Samuel S. Snow, a Millerite preacher, adopted this Karaite or “biblical” reckoning while studying Daniel 8:14—”Unto two thousand and three hundred days; then shall the sanctuary be cleansed.” He reasoned that the cleansing of the sanctuary typified the Day of Atonement and sought to determine its precise date in 1844. In August 1844, Snow published a paper titled The True Midnight Cry, in which he concluded—based on the Karaite calendar—that the tenth day of the seventh month in that year would fall on Tuesday, October 22, 1844. Importantly, this was not an after-the-fact invention; Snow’s calculation was publicly preached and printed weeks before the date arrived.
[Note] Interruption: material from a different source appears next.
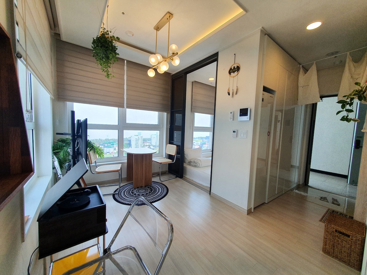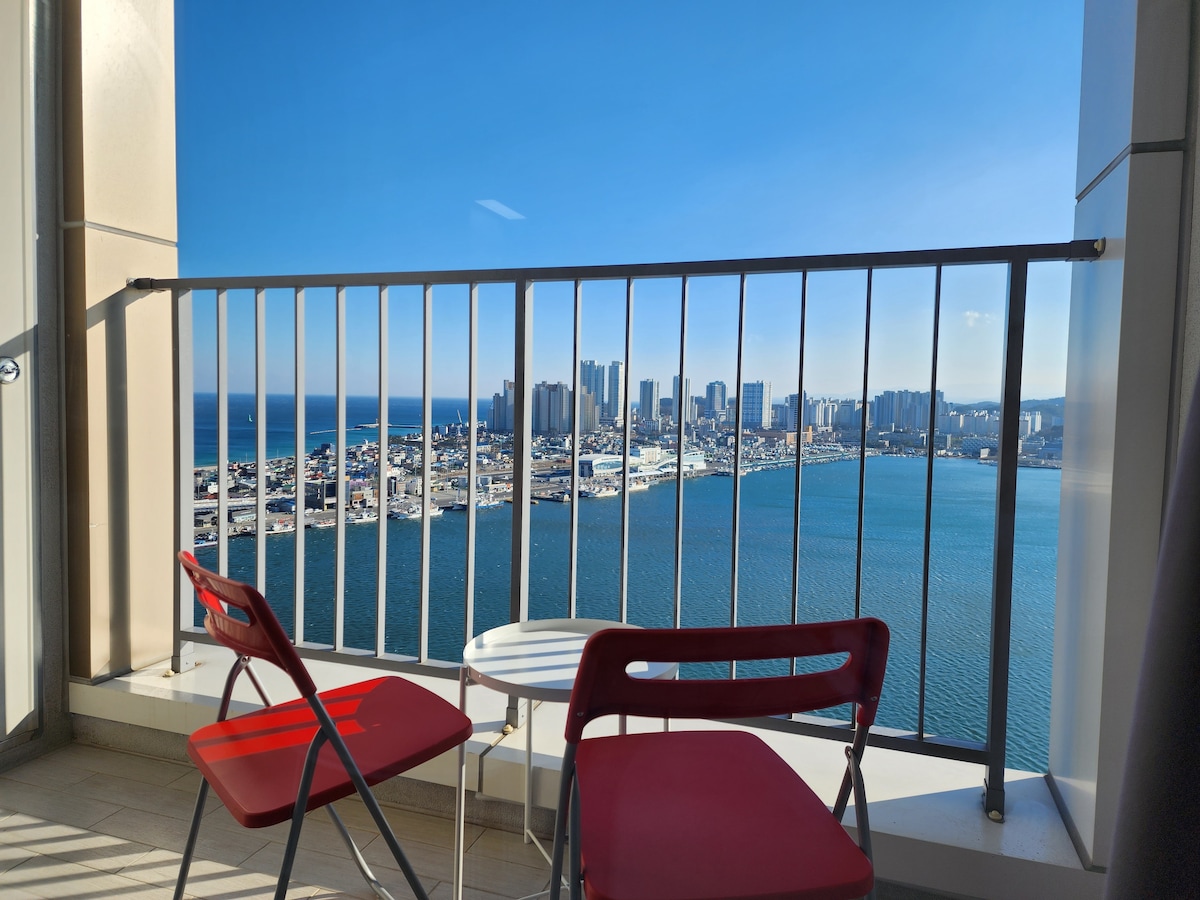 (Korting op opeenvolgend verblijf) Terras met uitzicht op de oceaan/5 minuten lopen van Jungang Market, gratis parkeren

Snow’s reasoning was straightforward: the 2,300 prophetic years began with the decree to restore Jerusalem in 457 BC and would therefore end in AD 1844. The “cleansing of the sanctuary,” he argued, pointed to the antitypical Day of Atonement. According to the Karaite calendar, the tenth day of the seventh month in 1844 occurred on October 22, making it the day of prophetic fulfillment. This “seventh-month message” or “midnight cry” spread rapidly through Millerite gatherings and camp meetings, leading thousands to expect Christ’s return on that exact day. When the event did not occur, it became known as the Great Disappointment. Yet those who later formed the Seventh-day Adventist Church retained the conviction that the date itself was correct, understanding instead that the event took place in heaven—Christ beginning His final work of intercession rather than returning to earth.

When critics ask whether Jews in general observed the Day of Atonement on October 22, 1844, the honest answer is no. Mainstream Rabbinic Judaism observed Yom Kippur beginning at sundown September 22 and continuing through September 23. But the Adventist position is not based on the Rabbinic calendar—it rests on the Karaite or biblical method of reckoning time, which that year placed the tenth day of the seventh month on October 22. Contemporary evidence, including Snow’s True Midnight Cry and other Millerite publications, proves that this calculation was known, published, and accepted before the date occurred.

Thus, the question of “authority” depends on what one means by the term. If by “authoritative” we mean the calendar in general Jewish use, then September 23, 1844, was the Day of Atonement that year. But if by “authoritative” we mean the system adopted by those who sought to follow the ancient biblical model preserved among the Karaites—the method used by the Millerite preachers—then October 22, 1844, stands as the correct date. The authority behind October 22 rests not on later reinterpretation but on the contemporaneous reasoning of Samuel S. Snow, printed August 22, 1844, and based on a demonstrable calendar tradition distinct from Rabbinic computation.

In summary:

  1. The Day of Atonement occurs on the tenth day of the seventh month (Leviticus 23:27).
  2. The Rabbinic calendar placed that day in 1844 on September 23.
  3. The Karaite observational calendar, using visible moons and barley readiness, placed it on October 22, 1844.
  4. Samuel S. Snow, in The True Midnight Cry, publicly identified October 22 as the true Day of Atonement and the close of the 2,300-year prophecy.
  5. The Advent believers accepted this conclusion, later affirming that Christ’s antitypical atonement began that day.

In the end, the claim that the Day of Atonement in 1844 fell on October 22 is not a post-hoc invention but a reasoned conclusion grounded in the Karaite or “biblical” calendar method. While mainstream Judaism observed Yom Kippur in September 1844, the Karaite system used by the Millerite Adventists identified October 22 as the true tenth day of the seventh month. On that date—according to their understanding—the heavenly work foretold in Daniel 8:14 began: “Then shall the sanctuary be cleansed.”